My colleagues led my to #fedora-desktop of the GIMP IRC server where I met my colleague Jonas Ådahl (jadahl) who almost immediately identified my issue! Extract of the IRC chat:
15:03 <vstinner> hello. i upgraded from F27 to F28, and it seems like I switched from Xorg to Wayland. sometimes, the desktop hangs a few milliseconds (less than 2 secondes) 15:03 <vstinner> bentiss told me that "libinput error: client bug: timer event7 keyboard: offset negative (-39ms)" can occur when shell is too slow 15:04 <vstinner> journalctl shows me frenquently the bug https://gitlab.gnome.org/GNOME/gnome-shell/issues/1 "Object Shell.GenericContainer (0x559e6bfddc60), has been already finalized. Impossible to get any property from it." 15:04 <vstinner> i also get "Window manager warning: last_user_time (3093467) is greater than comparison timestamp (3093466). This most likely represents a buggy client sending inaccurate timestamps in messages such as _NET_ACTIVE_WINDOW. Trying to work around..." errors in logs (from shell) 15:05 <vstinner> bentiss: ah, i also get "libinput error: client bug: timer event7 trackpoint: offset negative (-352ms)" errors 15:06 <vstinner> it's a recent laptop, Lenovo P50: 32 GB of RAM, 4 physical CPUs (8 threads) Intel(R) Core(TM) i7-6820HQ CPU @ 2.70GHz 15:06 <vstinner> so. what can i do to debug such performance issue? may it come from shell? what does it mean if shell is slow? can it be a GPU issue? a javascript issue? ... 15:13 <jadahl> vstinner: whats your hardware? Do you have a hybrid gpu system? 15:13 <jadahl> ah, yes P50 15:14 <jadahl> vstinner: there is a branch on mutter upstream that fixes that issue. want to compile it to test?

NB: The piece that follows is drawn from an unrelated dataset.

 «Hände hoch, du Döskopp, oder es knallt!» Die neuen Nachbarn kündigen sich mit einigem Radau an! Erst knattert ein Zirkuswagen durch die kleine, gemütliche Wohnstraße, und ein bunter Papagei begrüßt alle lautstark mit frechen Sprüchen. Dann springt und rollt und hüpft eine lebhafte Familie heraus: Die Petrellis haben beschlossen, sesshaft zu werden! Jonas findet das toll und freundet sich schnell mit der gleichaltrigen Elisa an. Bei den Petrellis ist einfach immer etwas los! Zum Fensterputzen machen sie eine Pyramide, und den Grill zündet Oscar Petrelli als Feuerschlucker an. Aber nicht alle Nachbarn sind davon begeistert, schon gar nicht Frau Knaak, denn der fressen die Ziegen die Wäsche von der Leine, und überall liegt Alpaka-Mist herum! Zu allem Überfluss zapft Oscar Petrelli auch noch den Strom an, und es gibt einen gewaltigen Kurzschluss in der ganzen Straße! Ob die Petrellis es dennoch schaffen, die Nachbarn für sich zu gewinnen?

Ten minutes after I asked my question, Jonas asked the right question: Do you have a hybrid gpu system?
I was able to workaround the issue by connecting my laptop to my TV using the HDMI port:
15:22 < jadahl> for example, IIRC if you have a monitor connected to the HDMI, the issue will go away since the secondary GPU is always awake anyway ... 15:31 < vstinner> jadahl: i plugged a HDMI cable to my TV and it seems like the issue is gone 15:31 < vstinner> jadahl: impressive
When an external monitor is used (like a TV plugged on the HDMI port), my NVIDIA GPU is always active which works around the bug I had in gnome-shell.
Jonas provided me a RPM package for Fedora including his work-in-progress fix: Upload HW cursor sprite on-demand. I confirmed that this change fixed my bug. His mutter change has been merged upstream.

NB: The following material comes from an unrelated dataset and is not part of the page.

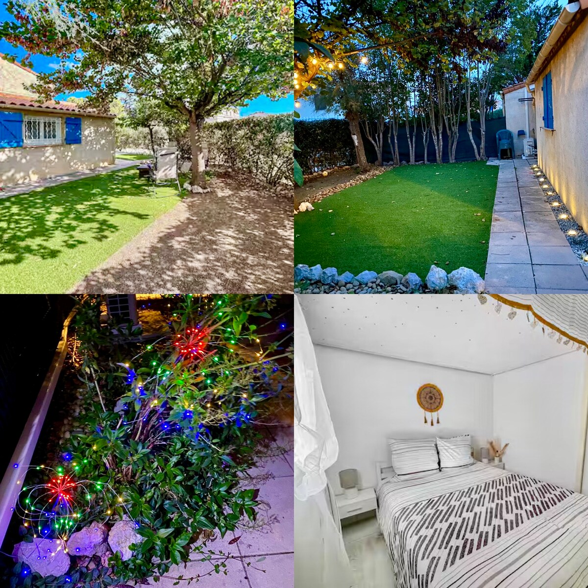 Maison familiale de plain-pied composée de 4 chambres, 2 salles de bains, d'une terrasse couverte donnant sur une terrasse extérieure avec une petite piscine 3x3, un terrain de pétanque et un joli jardin où vous pourrez profiter d'une magnifique vue sur le massif de la Gardiole. La Villa La Douce Gardiole est l'endroit parfait pour une réunion de famille (parfait pour 3 couples et 4 enfants). Le quartier est très calme et ne convient donc pas aux groupes bruyants. FÊTES INTERDITES !

Firefox crash when selecting text
In March 2019, Firefox with Wayland crashed on wl_abort() when selecting more than 4000 characters in a <textarea>. I found the bug in Gmail when selecting the whole email text to remove it. Pressing CTRL + A or Right-click + Select All crashed the whole Firefox process!
I reported the bug to Firefox: Firefox with Wayland crash on wl_abort() when selecting more than 4000 characters in a <textarea>.
Running gdb in Firefox caused me some troubles since it's a very large binary with many libraries. I also read Wayland protocol specifications. I managed to analyze the bug and so I reported the bug to Gtk as well, On Wayland, notify_surrounding_text() crash on wl_abort() if text is longer than 4000 bytes:
According to gdb, wl_proxy_marshal_array_constructor_versioned() calls wl_abort() because the buffer is too short. It seems like wl_buffer_put() fails with E2BIG.
Quickly, I identified that my Gtk bug has already been fixed 3 months before by Carlos Garnacho (imwayland: Respect maximum length of 4000 Bytes on strings being sent) and the fix is part of gtk-3.24.3 ("wayland: Respect length limits in text protocol" says "Overview of Changes in GTK+ 3.24.3").
I requested to upgrade Gtk in Fedora. But it was not possible since the newer version changed the theme. I was asked to cherry-pick the fix and that's what I did: imwayland: Respect maximum length of 4000 Bytes on strings.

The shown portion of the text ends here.